Crítica | Mad Max: Estrada da Fúria
Tomando como base uma ordem mundial diferenciada, pautada no exacerbo do capitalismo e exibindo uma face ainda mais selvagem dos escritos de Marx e Engels, Mad Max: Estrada da Fúria resgata o cinema de George Miller, refundando a franquia que o fez famoso, renovando-a para uma nova geração de aficionados, mas sem ignorar os fanáticos pela antiga trilogia.
A primeira cena inicia-se com um discurso inflamado de Max Rockatansky (Tom Hardy), lembrando-se de sua condição de cavaleiro solitário, como na outra encarnação de Mel Gibson, intensificada ainda por um trauma que proporciona a si um fantasma, seu tormento, recaindo sobre sua cabeça como uma cachoeira que lava seus pensamentos, inundando sua mente de culpas. A adrenalina destas sensações ataca-o de modo irônico, deixando-o mais uma vez desatento, a ponto de ser capturado, ficando uma boa parte dos primeiros momentos sem sequer ser citado.
Miller mostra um novo fôlego em sua direção, se distanciando do que fizera na franquia Happy Feet: O Pinguim, apresentando o universo que estreou em 1979 no primeiro capítulo, e fundamentado em 1982 com A Caçada Continua, acrescendo, claro, a estética videoclíptica, não deixando dever nada à direção de realizadores “massavéio”, mas abordando de modo adulto a fita. As cenas de ação têm uma continuidade em estrada impressionante, não devendo em nada tanto aos recentes À Prova de Morte de Quentin Tarantino, quanto a Bullit. As cenas e câmera retrasada têm muito mais significado que os takes adorados por Zack Snyder, remontando a influência de Sam Peckinpah, tanto no ritmo quanto na visceralidade dos momentos violentos do filme.
A abordagem lembra a de um road movie, por apresentar cenas titânicas– e em sequência – sobre quatro ou duas rodas, em terrenos arenosos, relembrando o eco da predação humana em relação ao seu próprio habitat. As conclusões e reflexões estão espalhadas pelos cenários, e servem a uma análise mais profunda por parte do público, que ainda tem uma miscelânea de sequências interessantíssimas, incrivelmente agressivas, mas sem tanta profusão de sangue ou gore.
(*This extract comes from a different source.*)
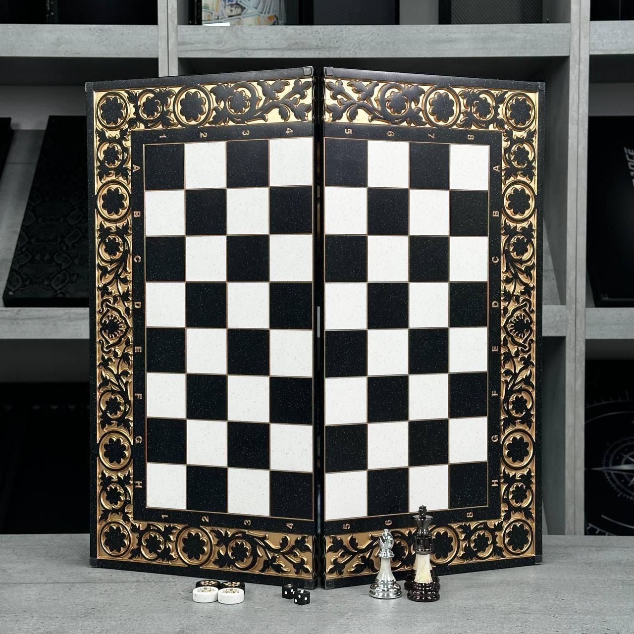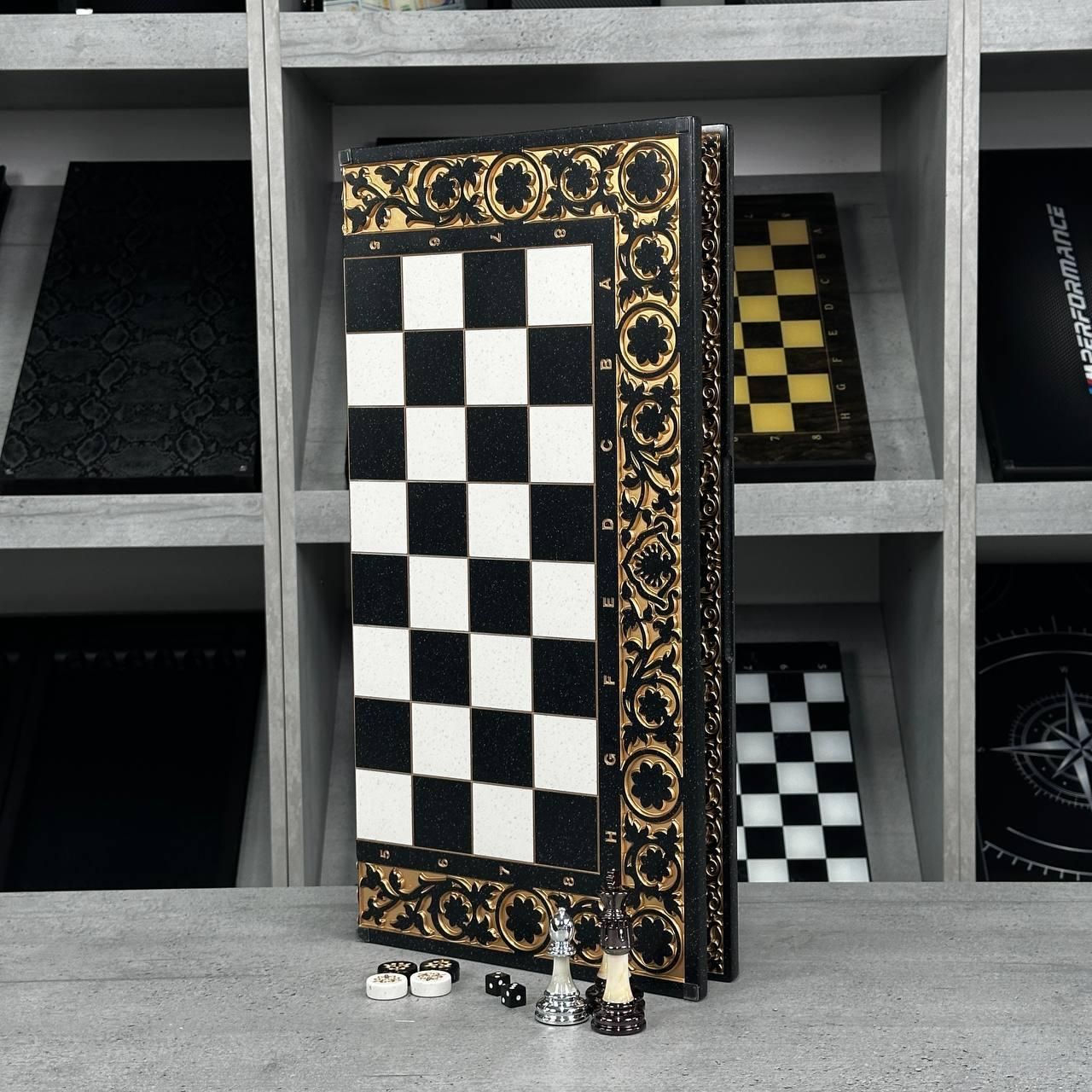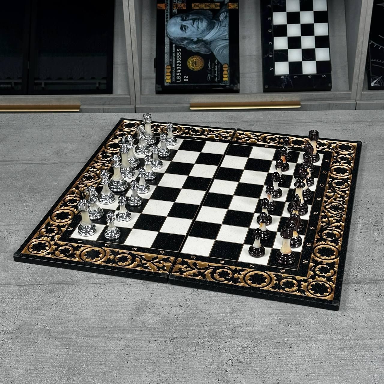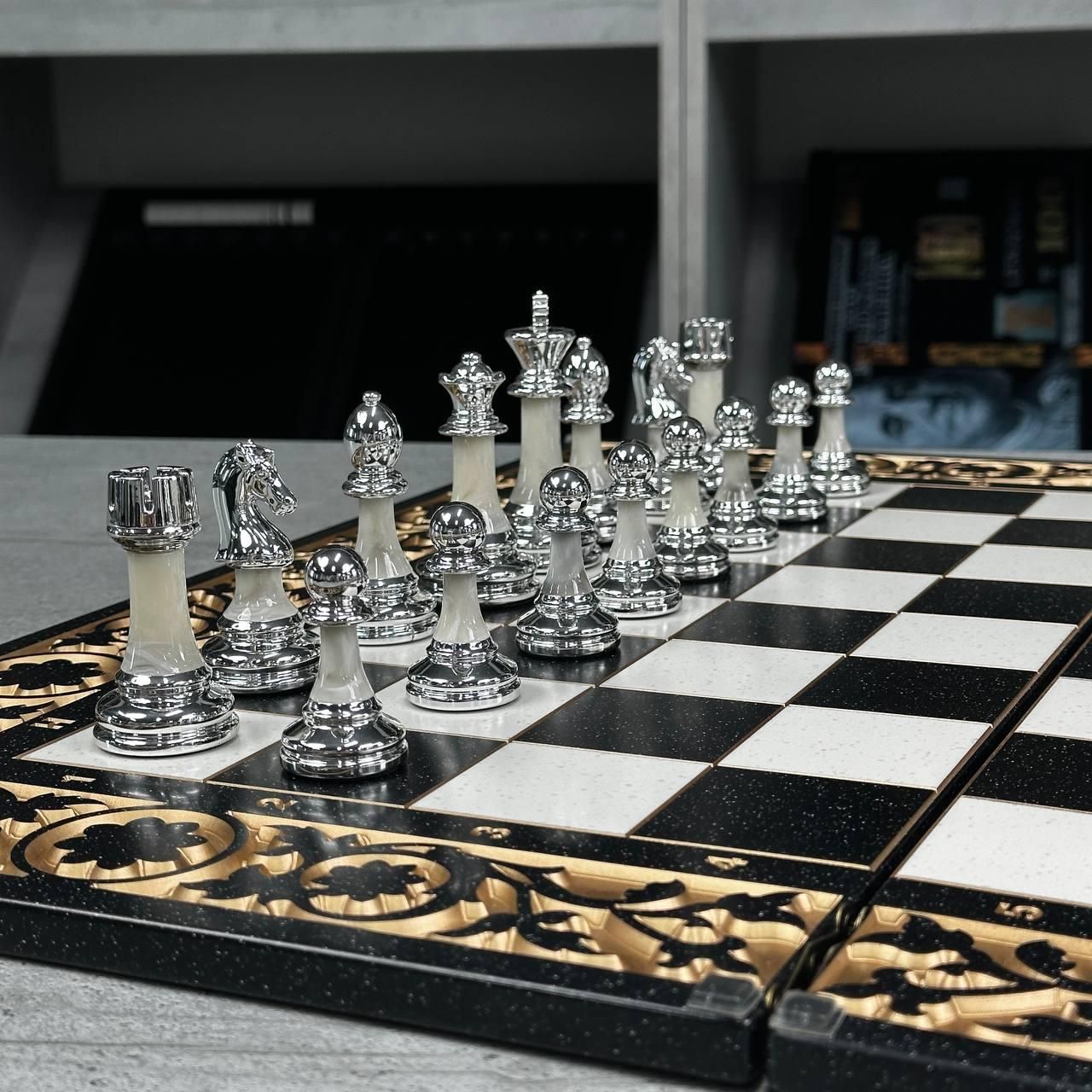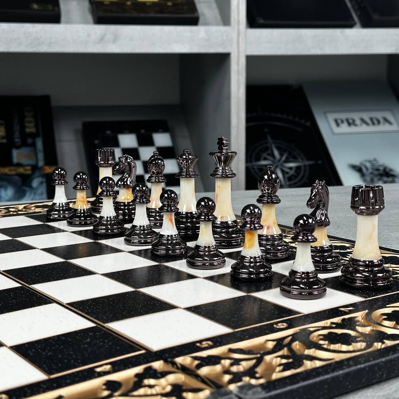 Шахматы, нарды из акрилового камня – набор 3 в 1 для настоящих ценителей Роскошный набор для настольных игр, сочетающий шахматы, шашки и нарды. Этот эксклюзивный комплект изготовлен из акрилового камня, имеет уникальный дизайн и станет идеальным подарком для любителей изысканных вещей. Игровое поле украшено ювелирной смолой, а золотое наполнение добавляет набор шарма и подчеркивает его аристократический стиль. Комплект шахматных фигур в сочетании с материалом премиум-класса производит идеальное впечатление. Эксклюзивный дизайн: шахматы, шашки и нарды в одном наборе. Материалы премиум класса: акриловый камень, ювелирная смола, антикварная краска. Практичность: удобный размер для игры – 58x28x2 см. Качественные фишки: диаметр 27 мм, выполненные из акрилового камня. Стилизованные шахматные фигуры: фигуры. Шахматный набор – это не просто настольная игра, это произведение искусства. Классические формы совмещены с современными материалами, создавая идеальный аксессуар для вашего интерьера или незабываемый подарок. Играя партию на таком наборе, вы подчеркиваете свой утонченный вкус и любовь к деталям. Технические характеристики Игра: шахматы, шашки, нарды (набор 3 в 1). Размеры: 58×28×2 см. Материал: акриловый камень, ювелирная смола. Цвет: черный, белый. Фишки: акриловый камень, диаметр 27 мм. Шахматные фигуры: фигуры ???? Закажите с персонализацией прямо сейчас! Создайте уникальный набор для вашей компании или близкого человека. Гравировка, фирменные цвета и логотип – все возможно! ???? Связь для индивидуального дизайна: Не останавливайтесь на достигнутом представлены и , которые смогут удовлетворить любые ваши вкусы и предпочтения. : Это классическая игра, которая на протяжении веков развлекает людей всех возрастов : Интеллектуальная игра, которая бросит вызов вашему уму Аксессуары для настольных игр: , , и многое другое, что сделает ваши игры еще более комфортными и приятными. Посетите наш и найдите ту игру, которая станет вашим новым любимым досугом! Остались вопросы? Звоните нам. Наши менеджеры всегда на связи и готовы ответить на все интересующие вас вопросы Адрес: Украина г. Стрый, ул. Заньковецкой, дом. 2, второй этаж

Outro aspecto interessante é a ausência de verborragia, fazendo do roteiro algo sucinto em matéria de falas. Estrada da Fúria é um filme essencialmente visual, seja pelas planícies belas, pelas falésias ou pelo visual grotesco dos antagonistas. O fetiche, tanto das personagens belas, como das parideiras que sofrem a ação de um déspota tirânico trazendo o sex appeal para uma figura grávida, contrasta com a beleza quase infinita de Charlize Theron, que mesmo masculinizada em sua Imperator Furiosa, consegue arrancar um misto de força e sensualidade, concentrando em si quase todo o conteúdo homoafetivo de todos os episódios da cinessérie, sem ter nada de caricatural. A riqueza dos personagens periféricos consegue compensar – mais uma vez – o fato de Max ser um coadjuvante de luxo, na fita.
A trajetória de Rockatansky é mais uma vez de subida, passando da eterna solidão para a solidariedade capaz de gerar nele um complexo suicida. Max prossegue um pária, possivelmente por ainda não ter superado a perda dos seus no filme setentista, algo agravado, é claro, pelos espectros que o perseguem. O deslocamento dele é notado a todo momento, mesmo quando encontra sobreviventes, pessoas que estariam próximas de sua condição singular, inclusive quando os aventureiros retornam ao lugar onde foram oprimidos.
A solução final abarca uma mensagem de compartilhamento, que, em análises mais conservadoras, pode ser associada à mensagem de Jesus, que exigia a divisão de riquezas dos que pediam para segui-lo, assim como também abraça uma prática mais socialista, acenando até para alegorias ao texto de Gene Rondenberry na franquia Star Trek. Miller apresenta um blockbuster maduro, inteligente, cuja trilha sonora e edição de som são absurdas e acrescentam demais à trama, ajudando a construir a atmosfera de pavor e enigma. Estrada da Fúria possivelmente abrirá uma sangria com novos rumos para a franquia, apresentando um mundo rico, cujas aventuras e desventuras têm tudo para captar a atenção de espectadores pelo mundo inteiro, e com um protagonista que não deixa nada a desejar à abordagem que Gibson havia inaugurado.